## WHAT THIS TASK INVOLVES:
Nothing but the lines from the one with "Connect the MiniProg3 to the J4 10-pin header" through the end of the records may appear in the answer, each reproduced exactly, pictures omitted.

(Beginning of INPUT RECORDS)

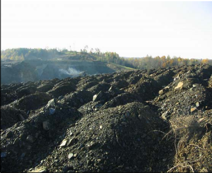
This picture shows a close-up of old tree roots in the re-spoiling material with an active pit in the background. Because this site was previously mined there is little or no topsoil left for cover, therefore ARM was used as top soil substitute.
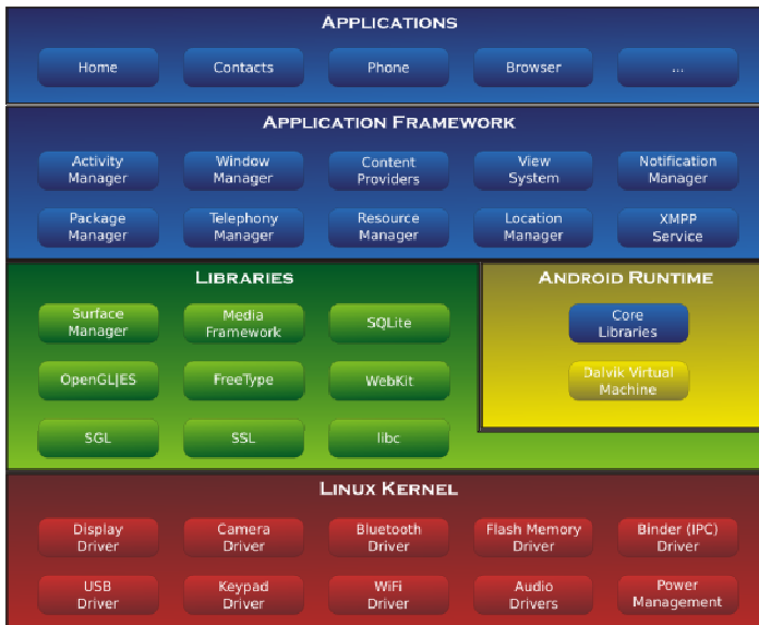
Fig. 1. Android system architecture overview

With the use of Android Application Framework, all developers can have access to the core services. The architecture allows for the easy reuse of components, and, most notably, every application can publish what type of action it can perform. This allows for loosely binding the components together without knowing the exact nature of them. Also, with the use of broadcast receivers, the application can receive and respond the system-wide broadcasts (an example can be the incoming phone call or message) or can respond to specific broadcasts (as a form of communicating between components of the application).
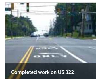
Completed work on US 322

In 2008, with a $16 million commitment from NJDOT and a $10 million investment from the County, the Gloucester County Freeholders put shovels in the ground and began to remedy the traffic conditions that forced motorists
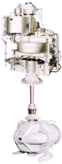
Cargo Pump & Turbine 700 - 6,000 m 3 /h
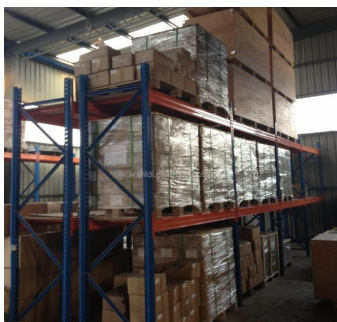
1. Special logistics packaging

Delivery Details : 3-30 days after order of Solid bicycle tire tubes
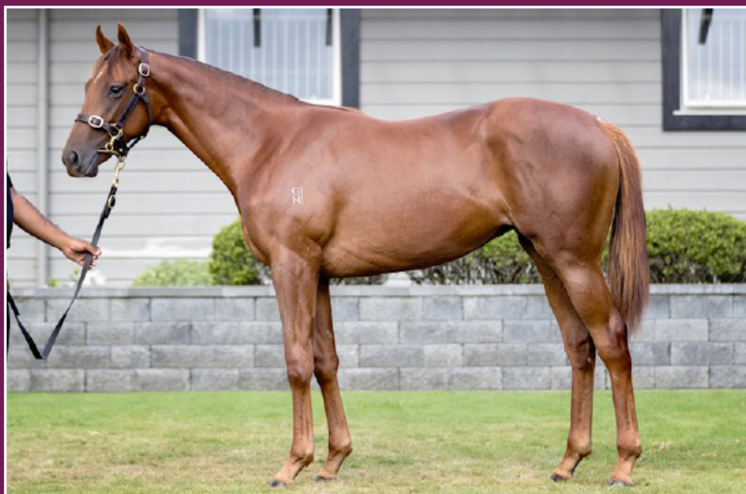
Lot 13 - Karaka Million Series eligible El Roca filly from multiple stakes winner Regal Kiss.

Last chance to secure a 2018 Karaka Million Series eligible yearling this season.
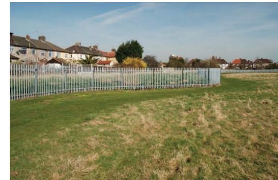
BEFORE – Metal fencing blocked access to the river – marginalising it to the side of the park
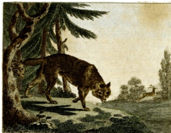
FIG. 181. Jackal.
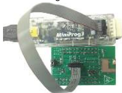
Fig 3: Programming/Debugging with MiniProg3

Connect the MiniProg3 to the J4 10-pin header
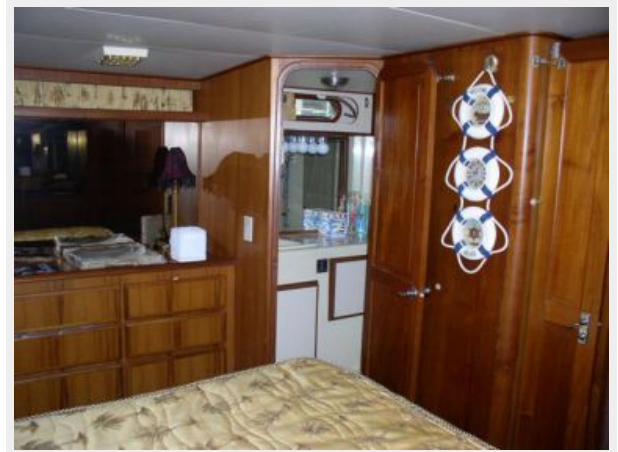
MSR, ensuite head
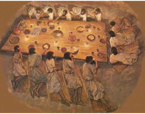
Reclining At the Dinner Table
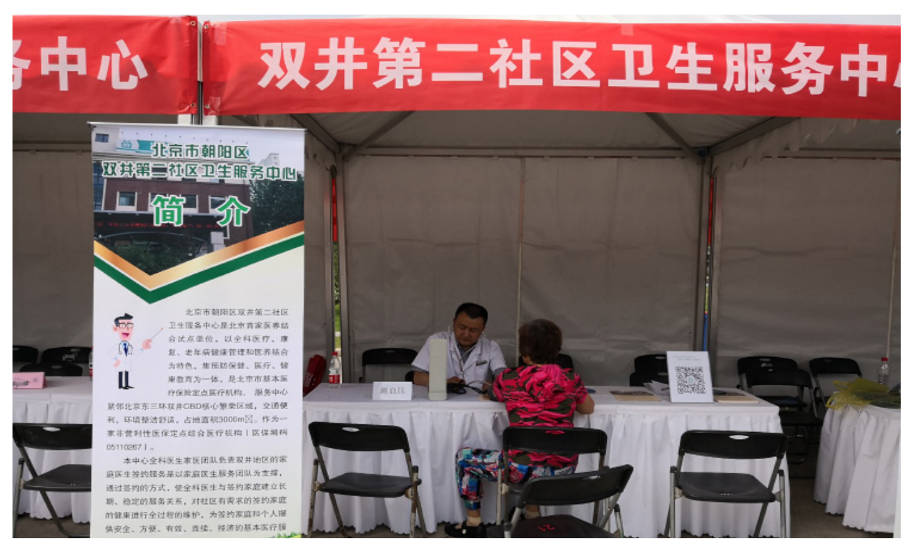
Figure 9: Medical Service Provided to the Elderly
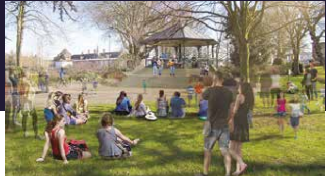
Planned £2.5million investment in Victoria Park.
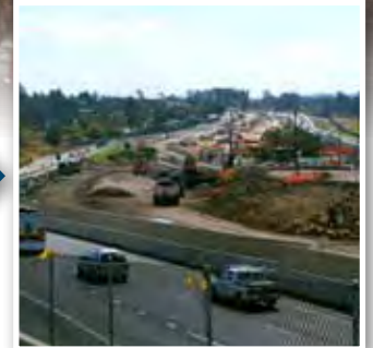
1 - Ipswich bound traffic before and after the Redbank switch in August.

(End of INPUT RECORDS)

## RESPONSE TO THIS EXERCISE:
Connect the MiniProg3 to the J4 10-pin header
MSR, ensuite head
Reclining At the Dinner Table
Figure 9: Medical Service Provided to the Elderly
Planned £2.5million investment in Victoria Park.
1 - Ipswich bound traffic before and after the Redbank switch in August.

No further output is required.